My neighbor was an usher, and I got there early, as some wedding guests do, so as to enjoy circa an hour of the musical arts before the service. I can't enjoy such musical arts, but I had another reason for getting there early.
My neighbor arched his eyebrows when he saw me carrying this telephone, but knowing me, he figured it was okay, and that one might even get a worthwhile show out of it. I was supposed to sit with his wife and three infants, but I said no; I wanted to sit at the far edge, near the front, alone.
We walked up to the front of the church, the cord ostentatiously dragging behind me on the floor. The pews are such that there is one 20' length on one side, then the aisle, and then two 20' lengths on the other side. Most people sit in either the first, or the middle, pews. I wanted to sit in a far-left pew, over by the confessionals, and up front enough where I would, uh, be noticeable by most of the audience.

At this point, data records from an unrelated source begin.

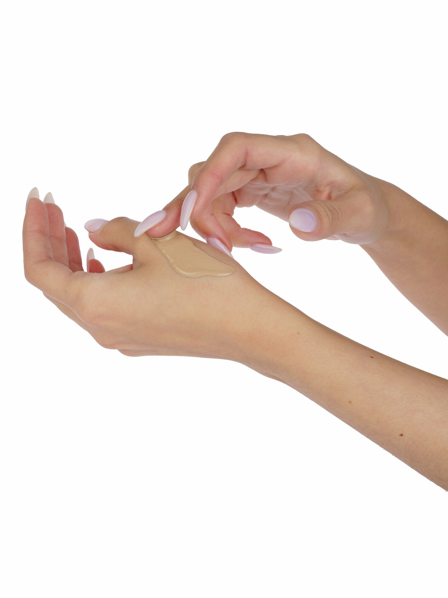 Подстраивается под тон кожи Подходит для светлокожих Не подчеркивает шелушения Большой объем, удобный дозатор |
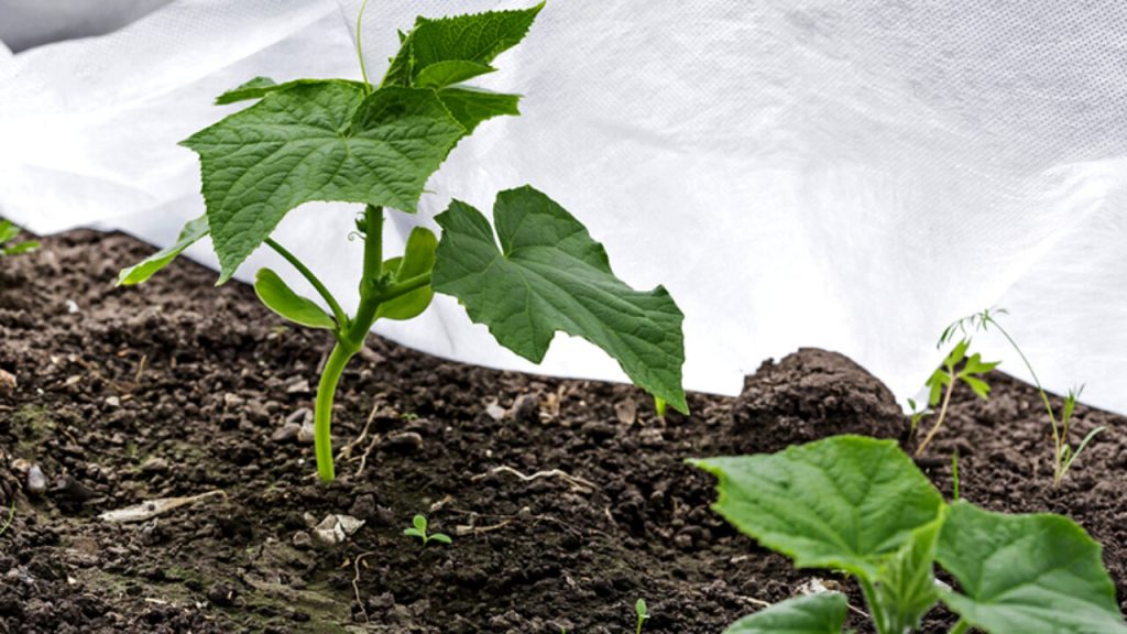 Jorden under sådant material förblir våt under lång tid, dessutom skapar det ett oöverstigligt hinder för de flesta skadedjur och ogräs. Samtidigt, till skillnad från en polyetenfilm, passerar ett icke-vävt täckmaterial perfekt luft.
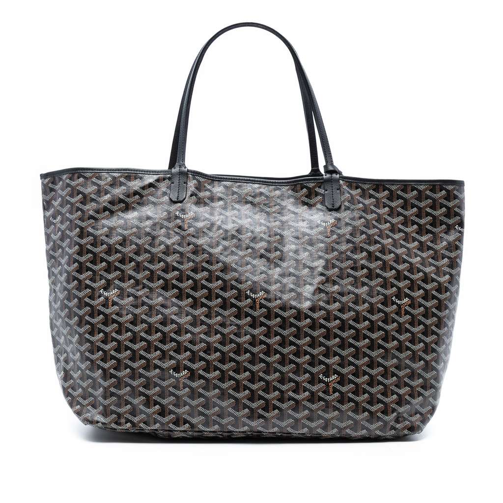 The Saint Louis GM features a coated canvas body with leather trim, flat leather handles, and an open top.
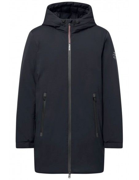 Con un fit regular y un largo 3/4, el abrigo ofrece una cobertura ideal para los días más fríos y lluviosos. Incluye un cierre frontal con cremallera, bolsillos laterales con cremallera, y un bolsillo interior con cremallera para mayor seguridad y practicidad. La capucha ajustable con cordones y topes añade protección adicional contra la lluvia. Además, el abrigo está libre de PFCs y es completamente vegano.
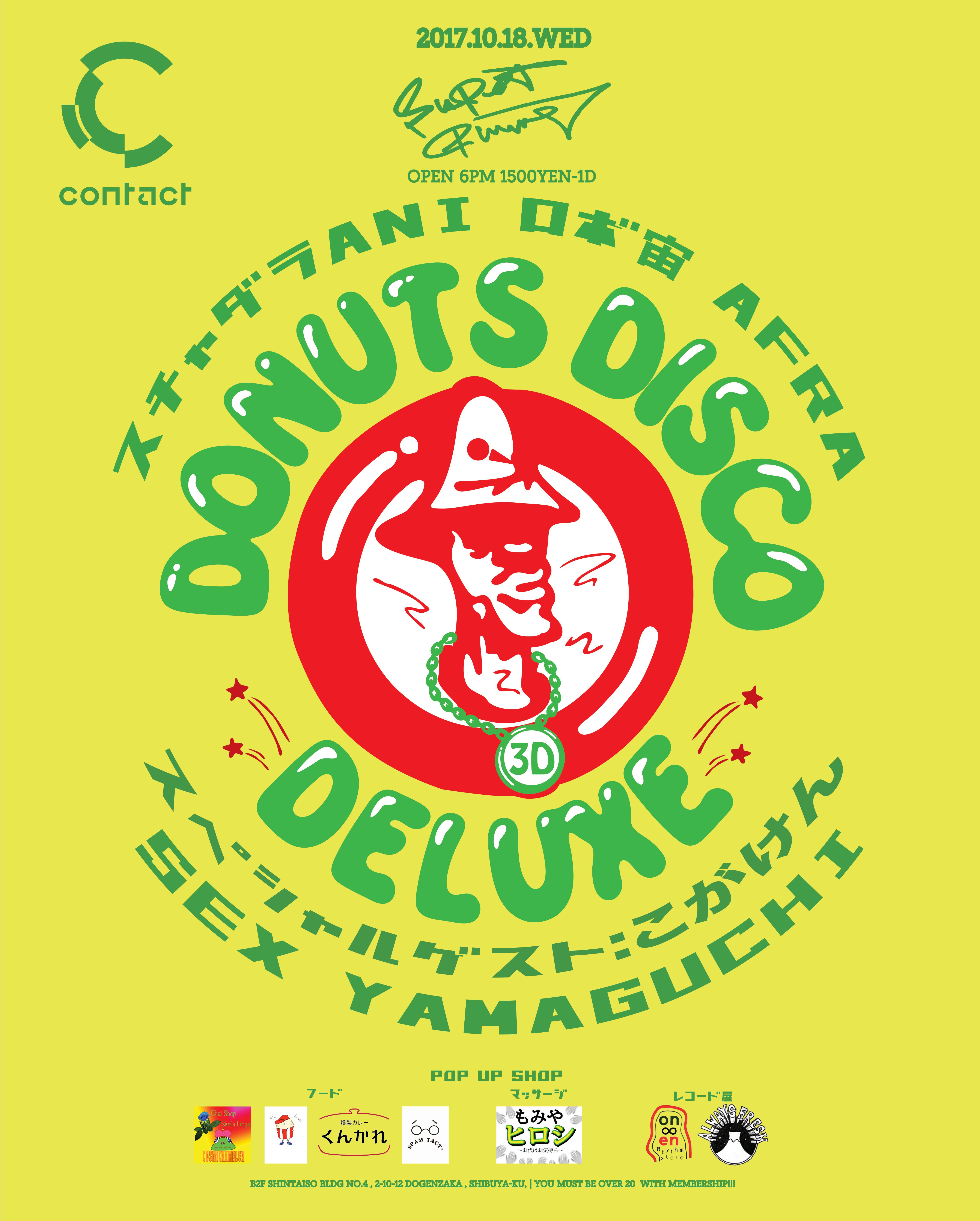 毎週水曜ブラックミュージックをメインにクロスオーバーなスタイルを提案するパーティSuper Plume。偶数月、第3水曜日を彩っているのがDonuts Disco Deluxe。スチャダラANI、ロボ宙、ヒューマンビートボクサーのAFRAからなるこのユニットは、70年代当時ゲットー地域ブロンクスで行われていた違法野外パーティ”ブロックパーティ”のライブ感や熱量を現代にアップデートしている。ヒップホップ、ソウル、ファンク、ディスコを軸に、DJ、MC、ヒューマンビートボクサーと3人3様の芸当を叩かみけるように繰り出すそのスタイルは、音楽やパーティ本来の楽しさを教えてくれると共に独自のパーティ感を作り出している。毎回Pop Upコーナーを設け、フードやレコード店、マッサージ店も並んでいる。さらに今回は、ゲスト DJとして”SEX Yamaguchi”とお笑いライブに”こがけん”が出演!Donuts Disco Deluxeが送るハッピーな一夜を是非!
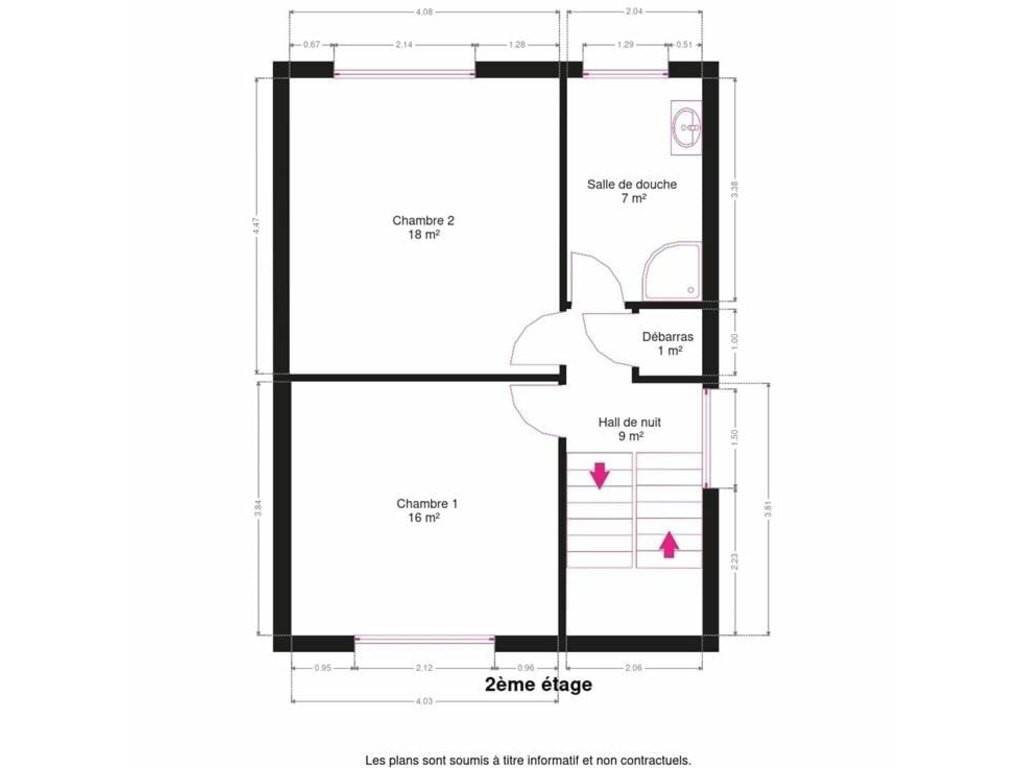 2ème étage : · 1 chambre · Grenier aménageable de 19 m² (chambre supplémentaire, bureau, espace loisirs)
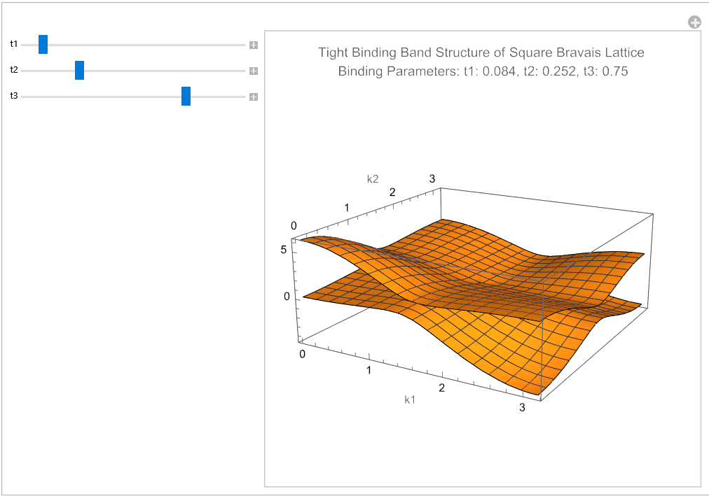 My program takes as input 3 binding parameters which represent the interactions between atoms in the lattice. It produces a visualization of the electronic band structure, that's manipulable and updates in real time as a user adjusts the binding parameters. My model's advantage is this interactivity which facilitates analysis and develops intuition for the workings of lattice band structures.

When making my way from the aisle through the pews, walking over the kneelers, I made it a point to take it slow and easy, holding the telephone in mid-air about shoulder-level, the cord dragging behind me. I made it appear as if every few steps, the cord got snagged in something on the floor, after which I was compelled to stop and release it, telephone up in the air.
I wanted as many people as possible to see I too had a telephone; as I moved, once in a while I would "jiggle" the instrument, which caused it to ring, just in case no one saw it.
I sprawled in the corner of the left-hand pew, facing the audience rather than the altar, as the musical concert played on. I was in my usual customary habitual casual, laid back, mellow posture, my left elbow dropping from the side of the end of the pew, my left knee propped up upon my right knee. And the telephone precariously sitting atop my left knee.
From the side, I watched the audience during the pre-nuptial concert; every time someone picked up his cellular telephone, I too picked up the headset to this one, as if it too had rung, with a message for me. If the person didn't see, I slightly jiggled my knee, so as to make my telephone "ring" too, after which the person saw.
After the audience got large enough, a pattern developed; I would spy something reaching for his cellular telephone, and so reach for mine. It wasn't even necessary for me to pick up the headset; just being seen reaching for it was enough to make the particular guest behave, and put his own telephone back down.
By the time the bride started marching down the aisle with her father towards the altar, things were well under control; the audience was paying attention to the wedding, not their "urgent" messages on their cellular telephones.
But I kept my guard up all during the service (I already knew what the bride and the groom looked like, so I could do this), watching the audience instead of the service. It happened only about three times during that hour that I spotted someone reaching for his telephone, at which I quickly and ostentatiously reached for the headset of my own telephone--but I never had to lift it off the hook, as the other person, seeing me, immediately behaved.
All I had to do was make a motion to reach for it.
It was a great wedding, not least because those at it minded their manners.